Participants: Up to 35 adults over 21 with HER-2 positive breast cancer that has
metastasized to the brain.
STUDY OBJECTIVES Primary Objective - To determine the intracranial objective response rate of
mTOR inhibition (everolimus) in combination with vinorelbine and trastuzumab in the
treatment of HER2-positive, progressive breast cancer brain metastases as defined via
modified RECIST criteria.
Secondary Objectives
- To determine the intracranial objective response rate of mTOR inhibition (everolimus)
in combination with vinorelbine and trastuzumab in the treatment of HER2-positive,
progressive breast cancer brain metastases as defined by MacDonald criteria.
- To evaluate the safety and tolerability of everolimus in combination with trastuzumab
and vinorelbine as assessed via the NCI CTCAE version 4. 0
- To evaluate time to intracranial progression after administration of everolimus in
combination with trastuzumab and vinorelbine as defined via modified RECIST criteria
- To evaluate the extracranial objective response rate as determined by RECIST 1. 1
criteria after administration of everolimus in combination with trastuzumab and
vinorelbine.
- To evaluate the extracranial time to progression as determined by RECIST 1. 1 criteria
after administration of everolimus in combination with trastuzumab and vinorelbine.

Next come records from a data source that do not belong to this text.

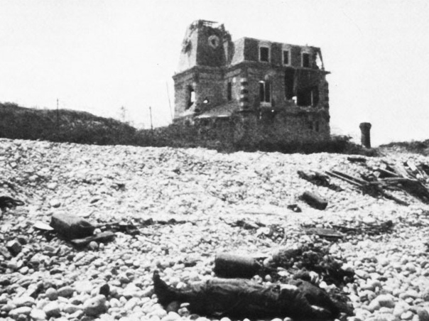 Any unit landing directly in front of a German strongpoint was likely to have a long, hopeless day. Most of Major Bingham's 2nd Battalion, 116th Infantry, had the misfortune of touching down near the mouth of the D-3 Les Moulins draw. In the first hour of the invasion, the intricate defensive works in this area, including Wn 66, had allowed the Germans to pound the invaders in very light losses to themselves. Most interesting in this area was a three-story house just behind the shingle with mansard roof and tower. Although naval and tank fire heavily damaged the structure, the defenders were still in action, especially the special fortified machine-gun nest .Attacker: American (Company F, 116th RCT and Engineer units))
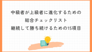 大事なこと中級者が上級者に進化するための総合チェックリスト|継続して勝ち続けるための15項目 50記事目に寄せて:「上級者」とは何か? トレードを始めて数ヶ月、基礎を理解し、ある程度の勝率を出せるようになった。──それでも、「安定して勝ち続ける」段階に到達できる人はほんの一握りです。 上級者とは、特別な才能を持った人で... 2025.10.21大事なこと
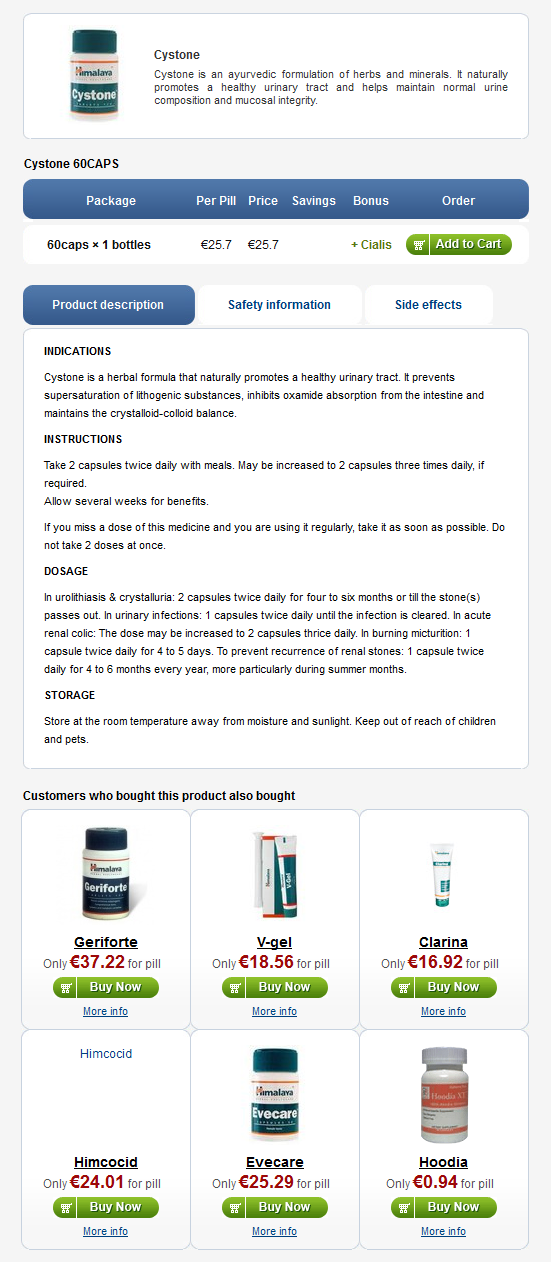 Før du køb Cystone, bedes du læse følgende beskrivelse
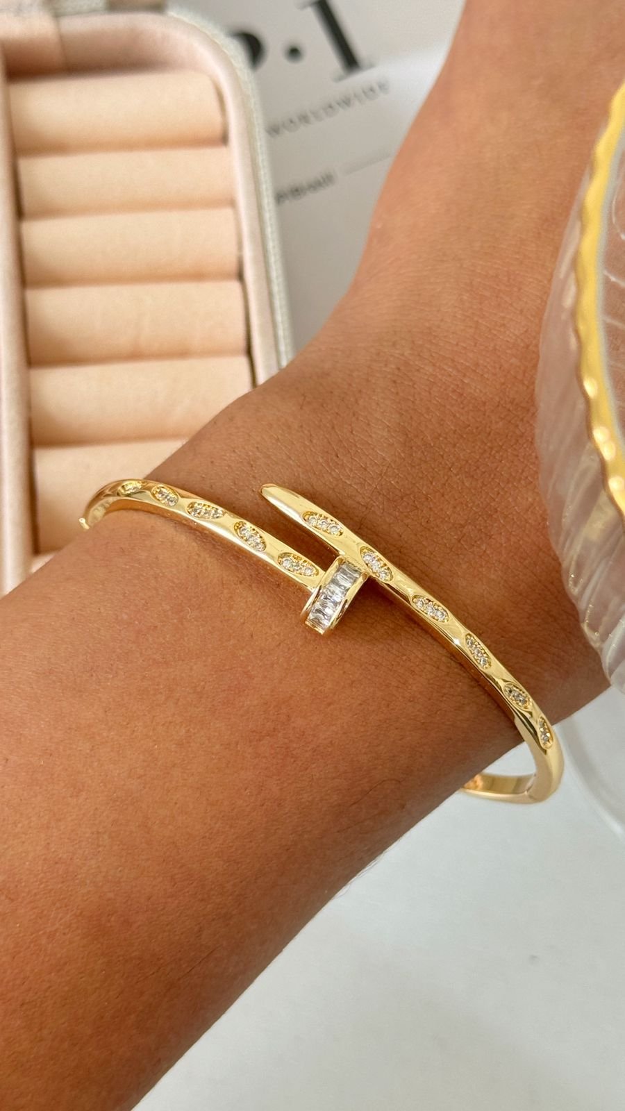 Bracelete Insp Prego com pedras Cravejadas , folheado á ouro18k e a prata em ródio branco.
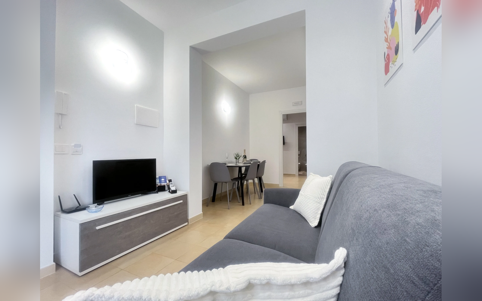 L’appartamento può ospitare fino a 4 persone ed è ideale per 2 adulti e 2 bambini. Con una superficie di 45 m², è composto da:
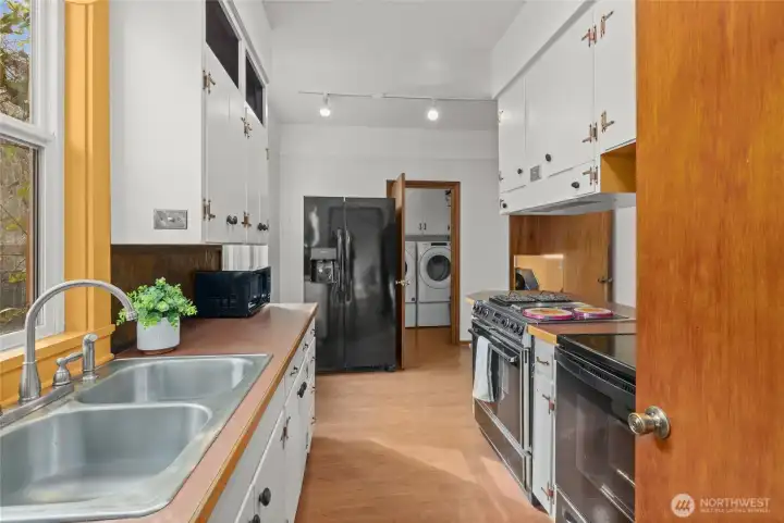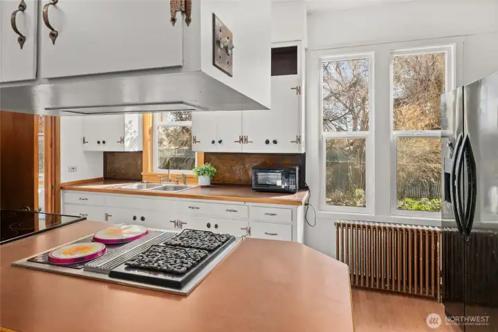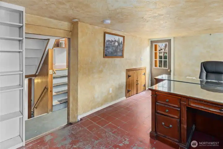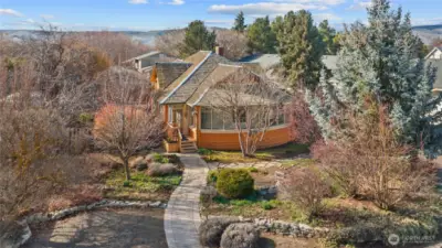 Historic charm and craftsmanship shine in this charming home located in the original Ellensburg Fruitlands District, built by the Farrell Brothers and rich with character. Distinctive rusticated concrete block—believed to have been created using a Sears Triumph Wizard block machine—adds architectural intrigue, while the unique curved enclosed front porch creates a welcoming first impression. Inside, original woodwork and hardwood floors span the main level, showcasing timeless quality. The home features 3 bedrooms and 2 full baths, plus two additional finished rooms in the basement—ideal for guests, hobbies, or flexible living space. Major updates include newer windows, fully updated electrical, and replaced plumbing waste lines. Situated on an extra-large lot with mature landscaping, the outdoor space is truly special. Enjoy established fruit trees, a graceful corkscrew willow, colorful perennials, a private patio for relaxing or entertaining, and even a bocce ball court. A large carport and additional off-street parking provide convenience and flexibility. Zoned Office Residential, the property also offers dedicated access to a back office space—perfect for working from home, a small business, or creative studio. Located just minutes from schools, parks, and downtown Ellensburg, this unique property blends historic charm, thoughtful updates, and versatile living.

- To evaluate progression free survival (PFS) and overall survival (OS) after
administration of everolimus in combination with trastuzumab and vinorelbine.

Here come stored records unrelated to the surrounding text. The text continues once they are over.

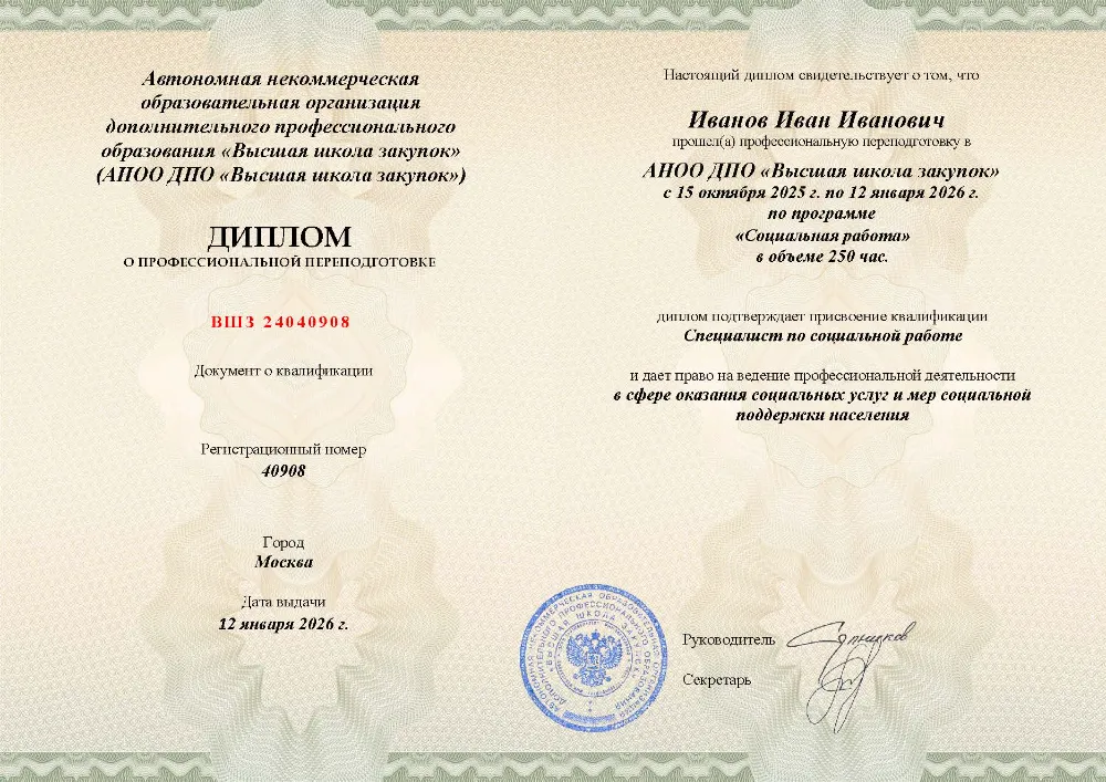 Программа профессиональной переподготовки (250 часов) для специалистов по социальной работе в в Луганске. Освойте государственное и муниципальное управление в социальной сфере, модели социальной политики, правовые механизмы помощи, волонтерство и внедрение информационных технологий.
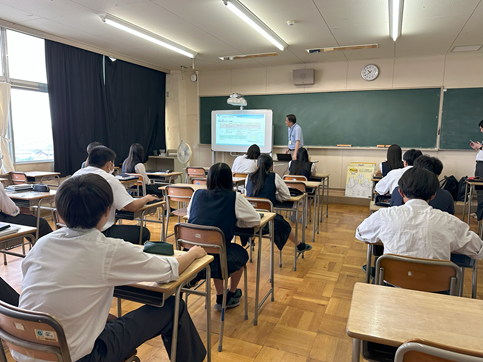 3年生理系選択の化学の授業で日本原子力文化財団様から2名の講師をお招きし、「20年後の日本のエネルギーを考える」というテーマで講義を行っていただきました
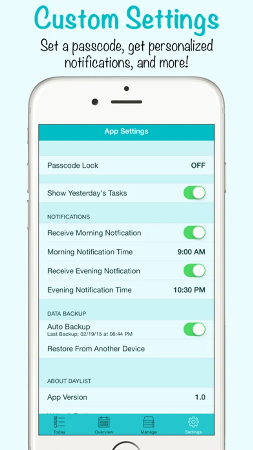 Data Backup — Don't lose your data when you switch to another iPhone, iPad, or iPod Touch. Daylist automatically backs up your data so that you can restore it to another device.
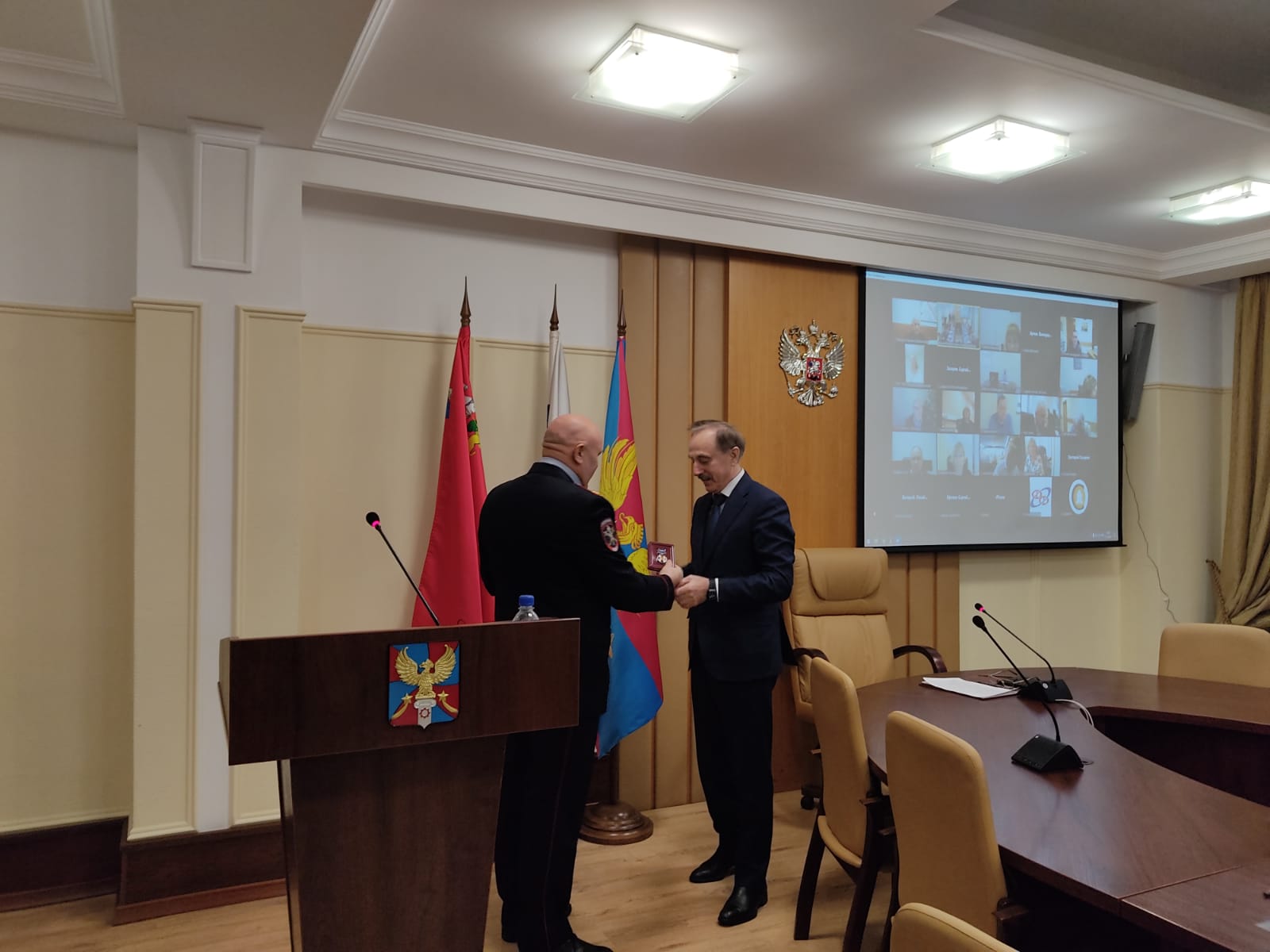 Начальник МУ МВД России «Люберецкое» Евгений Романцев на оперативном совещании в администрации муниципалитета в понедельник вручил главе городского округа Люберцы Владимиру Ружицкому нагрудный знак «За содействие МВД».
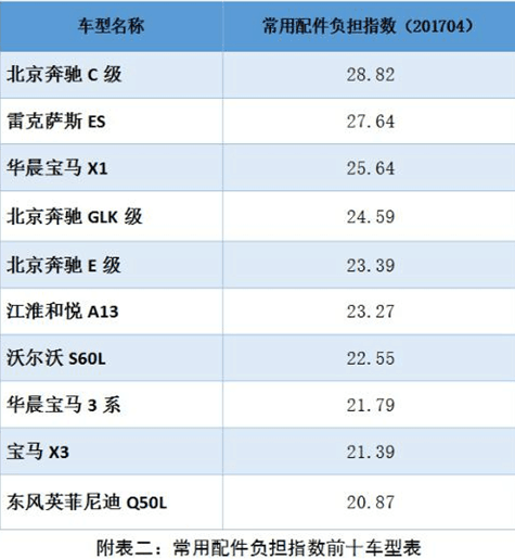 常用配件负担指数方面,在汽车零整比系数基础上,挖掘事故车维修数据,选取配件损失率大于 1%的常用配件进行研究,导入计算公式核算各车型的常用配件负担指数。在样本车型中最高的车型为北京奔驰 C级,常用配件负担指数为 28.82;最低的车型为哈弗 H6,常用配件负担指数为 9.32。

- To evaluate the impact of everolimus in combination with trastuzumab and vinorelbine on
quality of life as measured by the FACT-B and FACT-Br questionnaires.
Exploratory Objective
- To evaluate biomarkers in archival tumor tissue samples and correlate with therapeutic
response to everolimus in combination with vinorelbine and trastuzumab.
Following Hepatitis B antiviral prophylaxis if required, or following screening and informed
consent if antiviral therapy is not needed, treatment will be initiated with everolimus PO
daily in combination with weekly intravenous (IV) vinorelbine and trastuzumab (Days 1, 8,
and 15)
A cycle is defined as 3 weeks (21 days). Cycles of therapy will be repeated until
documented disease progression, unacceptable toxicity, or patient withdrawal from study for
other reasons, including death.
Minimum age: 21 Years.
Maximum age: N/A.
Gender(s): Both.
Inclusion Criteria
- Histologically-confirmed HER2-positive (IHC 3+ or fluorescence in situ hybridization
[FISH] amplified; by clinical assay on either primary or metastatic tumor)
adenocarcinoma of the breast with at least one progressive and/or new metastatic
brain lesion (>/=5 mm on radiographic imaging) after receipt of intracranial
radiation therapy (whole brain radiation therapy, stereotactic radiosurgery, gamma
knife, or equivalent). Patients in whom BM are asymptomatic and detected during
routine brain MRI screening per institutional protocols are eligible.
- Prior intracranial radiation therapy (whole brain radiation therapy, stereotactic
radiosurgery, gamma knife or equivalent) is allowed but not required.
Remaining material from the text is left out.